Эван Табор резко затормозил на маленькой стоянке и стремительно пошел на кладбище, не слушая своего пассажира.

Джордж Кивер остановил пикап, принадлежащий «Голубому Джеку», возле виллы Коннерли.

Из двери вышла миссис Свенсон, экономка Коннерли, одетая в черное.

— Возможно вам понадобится моя машина, — сказал Кивер. — Разрешите, я поговорю с мистером Стентоном.

— Его нет, он недавно ушел, — сказала она, содрогаясь от слез. — Но здесь Джон.

Появился Джон и встал у двери сзади женщины.

— Что вы хотите? — спросил он грубо.

— Я приехал предложить вам свою машину для поездки на похороны, — ответил Кивер, возмущенный тоном молодого человека. — Я еду сейчас, хотите я вас подвезу?

— Нет.

— Пользуясь тем, что я здесь, хочу высказать своё мнение, что рестораны нуждаются в руководстве.

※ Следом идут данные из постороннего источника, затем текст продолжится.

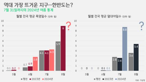 올해는 그럼 어떨까요. 평년(1991~2020년 평균), 그리고 지난해와 비교해봤습니다. 폭염도, 열대야도, 현재까지 과거 30년 평균은 물론, 2023년의 수준을 넘어섰습니다. 2024년 6월의 경우, 전국 평균 폭염일수가 2.8일로 평년의 4배, 직전 해의 3배에 달했습니다. 7월 폭염일수(2024년: 4.3일) 또한, 평년(4.1일)과 지난해(4.1일)의 수준을 넘어섰죠. 8월의 경우, 평년 기준으론 평균 5.9일의 폭염일수가 기록됐습니다. 2023년엔 이를 훌쩍 뛰어넘는 9일이 기록됐고요. 올해 8월은 어떻게 될지, 초순부터 전국적인 폭염특보가 발령되면서 걱정은 커지고 있습니다.
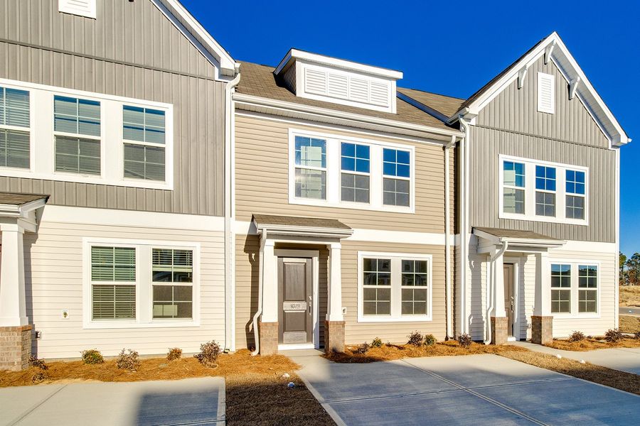 This Laurens A features three bedrooms and two-and-one-half bathrooms and has a very warm and cozy feel. The first floor features a large great room, an eat-in area, and an open kitchen equipped with bright white shaker cabinetry, beautiful Dallas white granite countertops, soft beige luxury vinyl plank flooring, stainless steel appliances, pendant lights above the kitchen sink, and a generous pantry. Additional first-floor amenities include a powder bathroom and a convenient laundry area. Upstairs, the townhome offers three well-sized bedrooms, including a beautiful primary bedroom with a large walk-in closet and an ensuite bathroom featuring a double-sink vanity and a walk-in shower. The home also boasts a fully fenced backyard with a large patio, ideal for relaxation or entertaining guests, plus an extra storage closet. Enjoy low maintenance living with an irrigation system and exterior home maintenance. The community offers future amenities with a pool, cabana, playground, fire pit, and sidewalks ensuring a comfortable and enjoyable lifestyle for all.

У меня есть определенный опыт в этом деле, я готов всячески помогать вам. Я уже думал об этом.

— Джон поднялся на ступеньку и сказал:

— Я не нуждаюсь в вашей помощи. Если мой отец был ненормальный и проигрывал рестораны, как какую-то безделушку, то я не такой! А сейчас оставьте меня, уходите прочь с моих глаз!

Джордж Кивер затрясся от гнева, его лицо сморщилось от злобы. Тут он вовремя вспомнил, что Джон — боксер-профессионал, медленно повернулся к машине, сел в нее и уехал.

Полицейская машина выехала на проспект, ведущий к частной клинике в Пьернаке, и остановилась около резиденции доктора Вайта.

Из машины вышел элегантно одетый мужчина среднего роста, это был инспектор Хопп из департамента уголовной полиции. Он позвонил, ему открыли, он вошел; в небольшую приемную.

— Хэлло, Вайт! — дружески поприветствовал он появившегося доктора и протянул ему руку. — Каждый раз, когда вижу эту обстановку, я начинаю завидовать твоей светлой голове.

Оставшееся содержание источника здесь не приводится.